I used a very different algebraic method for the following problem. The math teacher shows two methods in his video, neither of which I used (my solution will be in the comments). I think the teacher's first method and my own method are roughly equivalent in efficiency, but the teacher's second method is short and pretty innovative, being the sort of out-of-the-box thinking I have little aptitude for. Try the problem out, look at my solution, look at the teacher's solutions, and decide which one is best.
We're given a big rectangle divided into three smaller rectangles by vertical line segments. The area of the skinny, left-hand rectangle is 80; the area of the thicker right-hand rectangle is 176. Our task is to find the area of the center rectangle, marked in yellow.
ReplyDeleteUsing my nomenclature, and looking at how the long horizontal sides are divided into three shorter segments each, let's call the shortest segment, associated with the 80-area rectangle, x. Let's call the medium segment, associated with the 176-area rectangle, y. Let's call the height of all these rectangles z. Finally, let's call the length of the middle rectangle's horizontal side a.
Here's a few things we now know:
32 + y = 40 + x (long side = long side)
x + a = 32
y + a = 40
y - x = 8
xz = 80
yz = 176
Those last two equations are crucial because you can now establish a proportion:
yz/xz = 176/80
The "z"s cancel, so
y/x = 176/80 = 2.2/1
So y = 2.2x! Ha!
Since we know y - x = 8, let's swap in 2.2x for y:
2.2x - x = 8
That becomes 1.2x = 8, so
x = 20/3
The long side of the rectangle is therefore
40 + 20/3, or in decimals, 46.6̄ (i.e., 46⅔).
To solve for z, then, we go
(20/3)z = 80
z = 12
We could solve for y, but at this point, we can calculate the area of the large rectangle, then subtract the areas of the blue and green rectangles to find the area of the yellow rectangle.

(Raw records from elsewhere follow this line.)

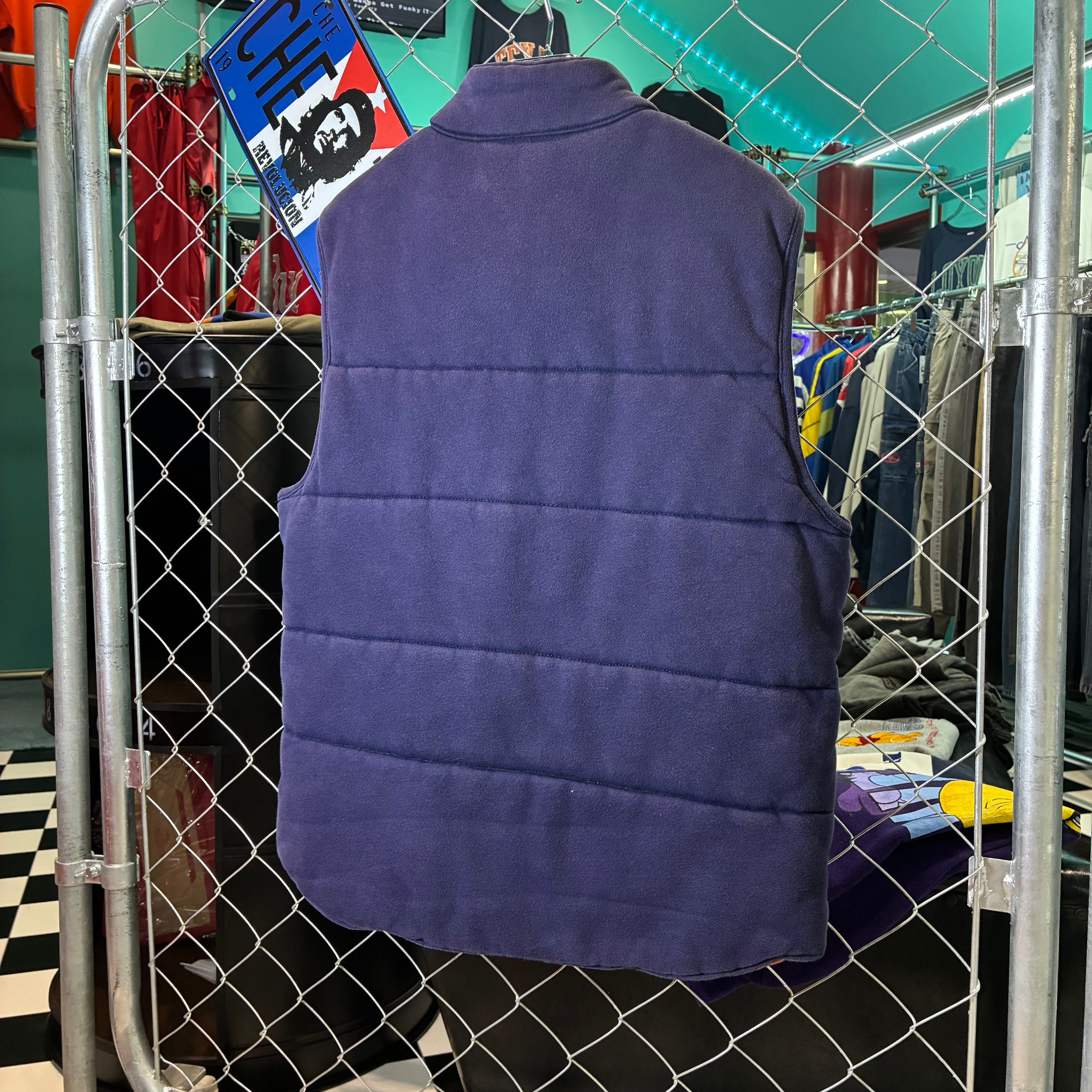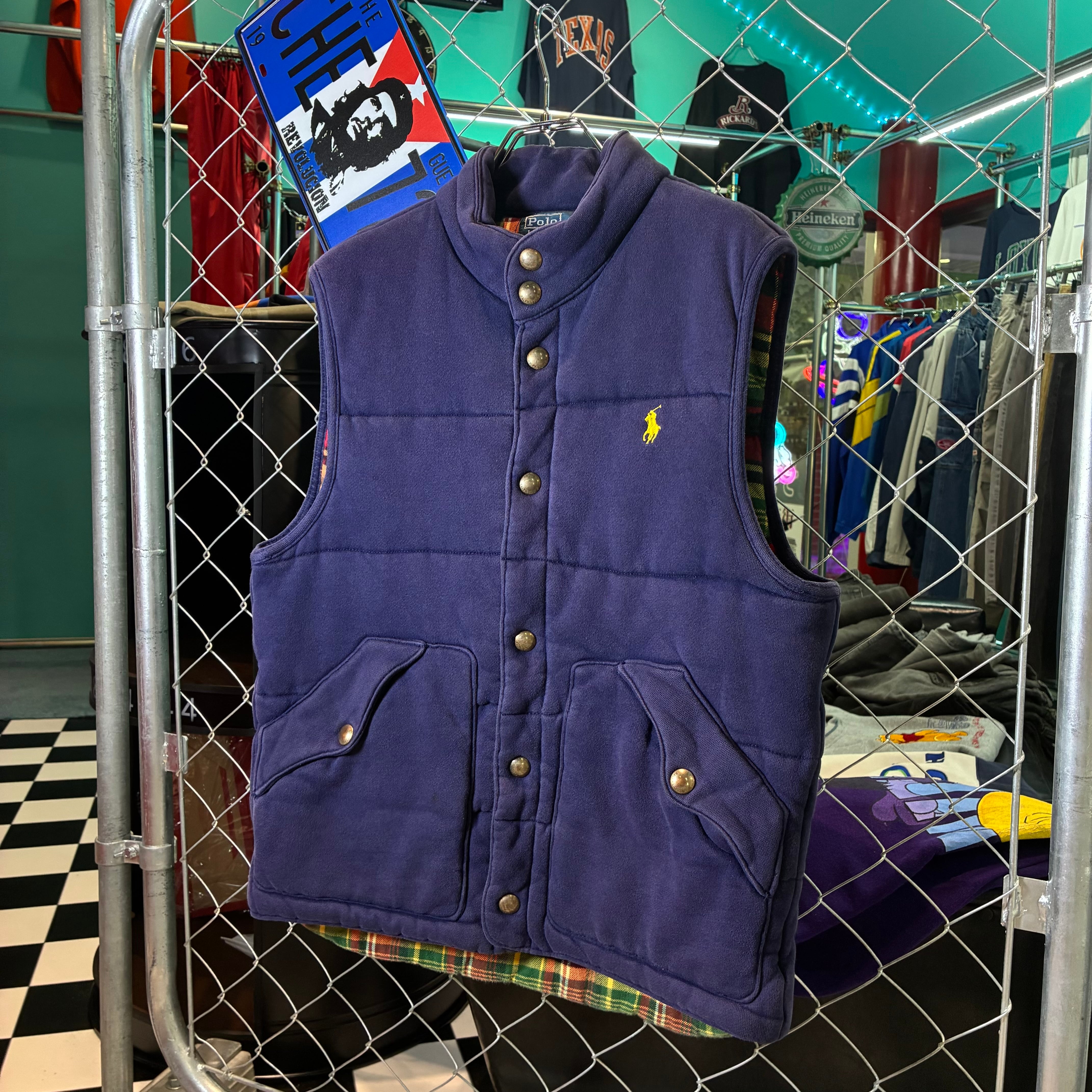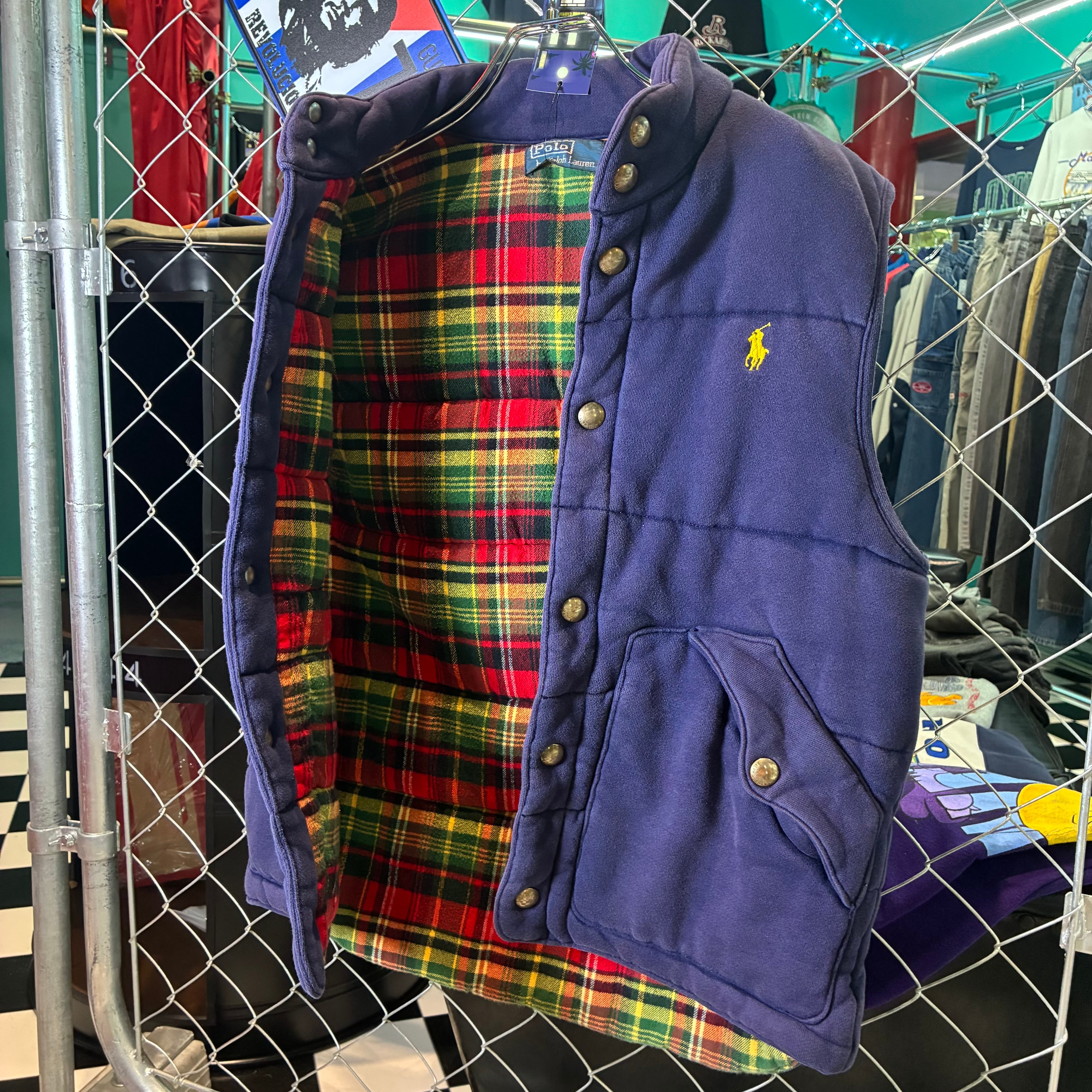 90s Polo Ralph Lauren コットンベスト 裏地チェック 中綿 ネイビー S
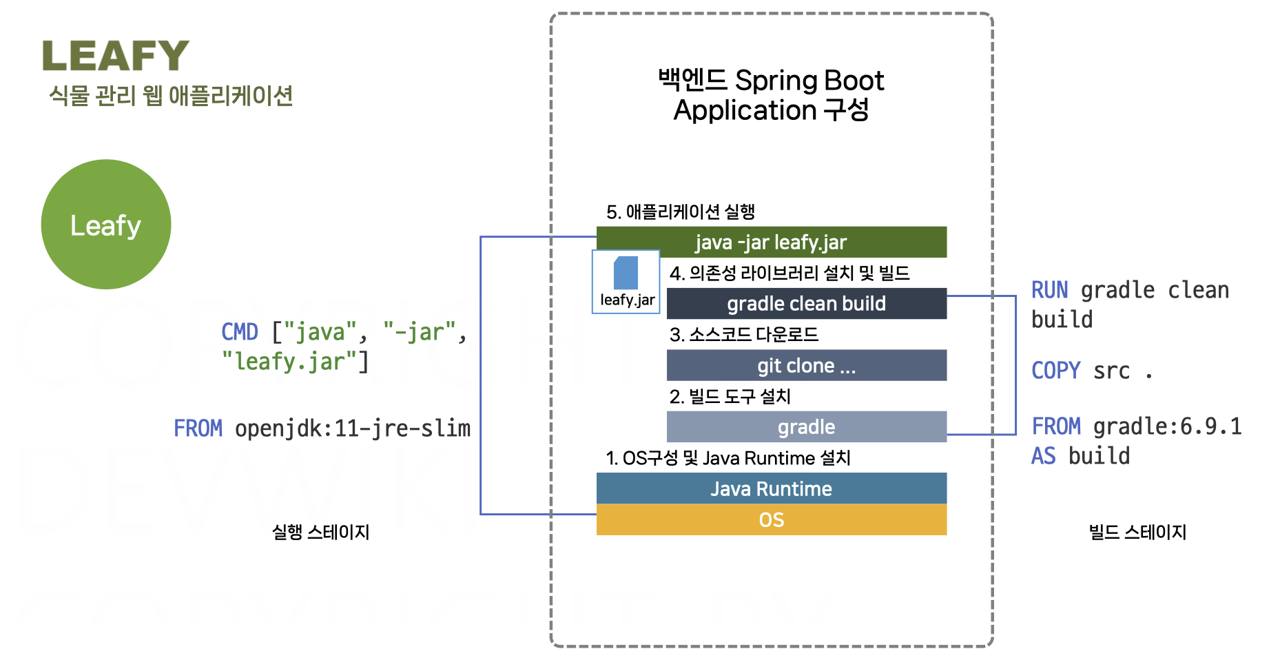 Dockerfile을 사용해 leafy-backend 이미지를 빌드한다.
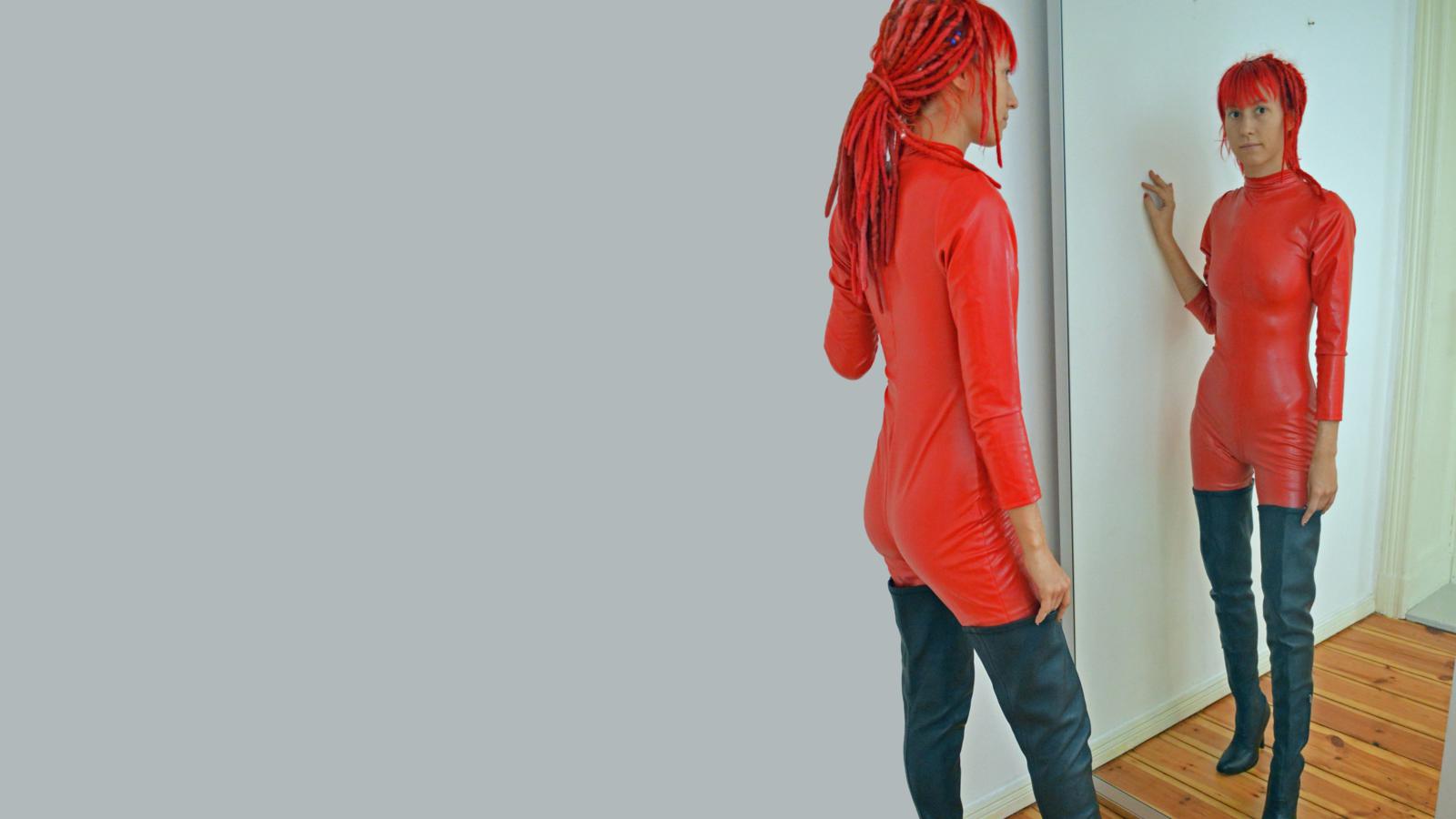 nicki, redhead, german, amateur, model, slim, sexy babe, dreadlocks, mirror, reflection, posing, shiny clothes, red, lycra, catsuit, black, leather, overknee, crotch boots, tight clothes, erotic, minimalist wall, own cut, lingerie series, loverso
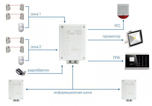 В случае определения попытки проникновения контроллер формирует соответствующий сигнал типа «сухой контакт» для передачи на ППК, на информационную шину для оповещения других контроллеров системы Smart Yard, а также активирует свето-сигнальное устройство и прожектор.
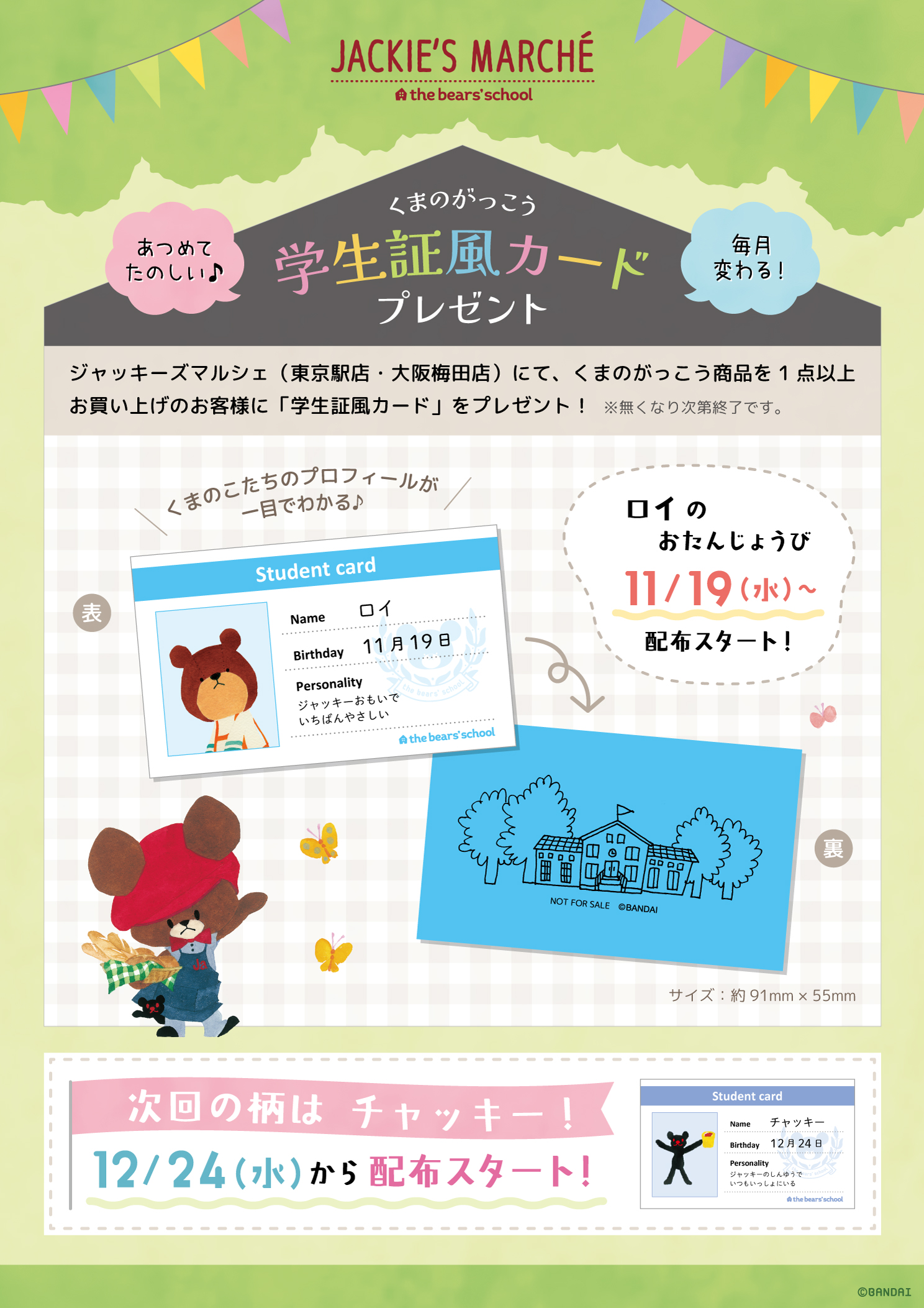 くまのがっこうグッズを1点以上お買い上げの方に限定ノベルティをプレゼントしています![]()

The area of the big rectangle is
12(46.6̄) = 560
So the area of the yellow rectangle is
560 - 176 - 80 = 304.
QED.
I'm not totally satisfied with the above explanation because I suspect it includes a few extra, unnecessary steps. But at the beginning, I felt it was a good idea to lay out as many equations as I could even if I didn't end up using them all.